Siamab is developing monoclonal antibody (mAb) therapeutics that target cancer cell surface glycans called tumor-associated carbohydrate antigens (TACAs), a novel class of cancer-specific antigens found on the cell surface of many solid tumors. TACAs are implicated in immune suppression, chemoresistance, and a cancer stem cell (CSC) phenotype. The elevated presence of STn, a key TACA observed in the majority of ovarian tumors, is associated with metastatic disease, poor prognosis, and reduced overall survival. Elevation of STn expression is linked to chemotherapy resistance and enables tumors to evade the host immune system. Siamab has also identified the presence of STn on myeloid-derived suppressor cells, which are major regulators of immune response in cancer and influence the tumor microenvironment by suppressing T cells. STn is a major reported constituent of two established CSC biomarkers, CD44 and MUC1, which reside on both CSCs and mature malignant cells in some cancer types.

In the poster presentation, titled Targeting the Tumor-Associated Carbohydrate Antigen STn with Humanized anti-Sialyl-Tn Monoclonal Antibody-drug Conjugates Inhibits Ovarian Cancer Tumor Growth in vitro and in vivo,” Siamab scientists and collaborators reported data demonstrating anti-tumor effect in vitro utilizing humanized anti-STn ADCs as well as inhibition of tumor progression in vivo in both cell line- and PDX ovarian cancer models with complete regressions observed in some treatment groups. In a chemo-naïve ovarian PDX model, 75% of animals given ST1 are completely tumor free at 52 days post treatment as compared to control-treated animals. In a chemoresistant ovarian PDX model, tumors regressed by more than 50% in 75% of the animals in the ST1 group as compared to control-treated animals. No significant weight loss was observed for any of the treatment groups, indicating the therapy was well tolerated by all the groups. A decrease in STn expression was noted in the tumors following treatment, indicating that Siamab’s anti-STn ADC was depleting the mAb-targeted STn+ tumor cells.
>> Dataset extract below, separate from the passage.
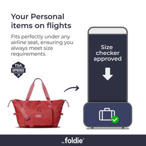 - ? BAGAGEM DE MÃO ADEQUADA PARA AVIÕES: O Foldie foi projetado para atender a todos os requisitos de bagagem de mão das companhias aéreas. Economize seu dinheiro e pare de pagar mais pela bagagem de mão, ela se encaixa perfeitamente no tamanho de item pessoal de 18 x 14 x 8 polegadas da Spirit Airlines & Frontier Airlines. Basta levar sua maleta no próximo voo e colocá-la embaixo do assento à sua frente.

In addition, researchers utilized the STn-selective antibodies to develop both tissue- and serum-based biomarker assays with the potential to become companion diagnostics.

“Our research findings show that tumor-associated carbohydrate antigens, and in particular STn, have the potential to offer a unique approach to targeting cancer cells,” said Jeff Behrens, president and chief executive officer of Siamab. “STn is not only an intriguing cancer biomarker and therapeutic target, but

manipulating STn biology offers the potential to have significant immune re-engagement and anti-metastatic therapeutic benefits. These data demonstrate that high-affinity, STn-selective humanized mAbs show promise as therapies for ovarian tumors, as well as tools for patient stratification and pharmacodynamic biomarker assessments.”

Ovarian cancer is the leading cause of death from gynecological malignancies in the United States. The current standard of care is tumor debulking followed by chemotherapy. This treatment results in approximately 70% of patients achieving an initial complete clinical response. However, many of these patients will unfortunately relapse with chemoresistant disease developing in part due to the presence of CSCs within the tumor. Ovarian CSCs have been shown to be resistant to chemo- and radiotherapy.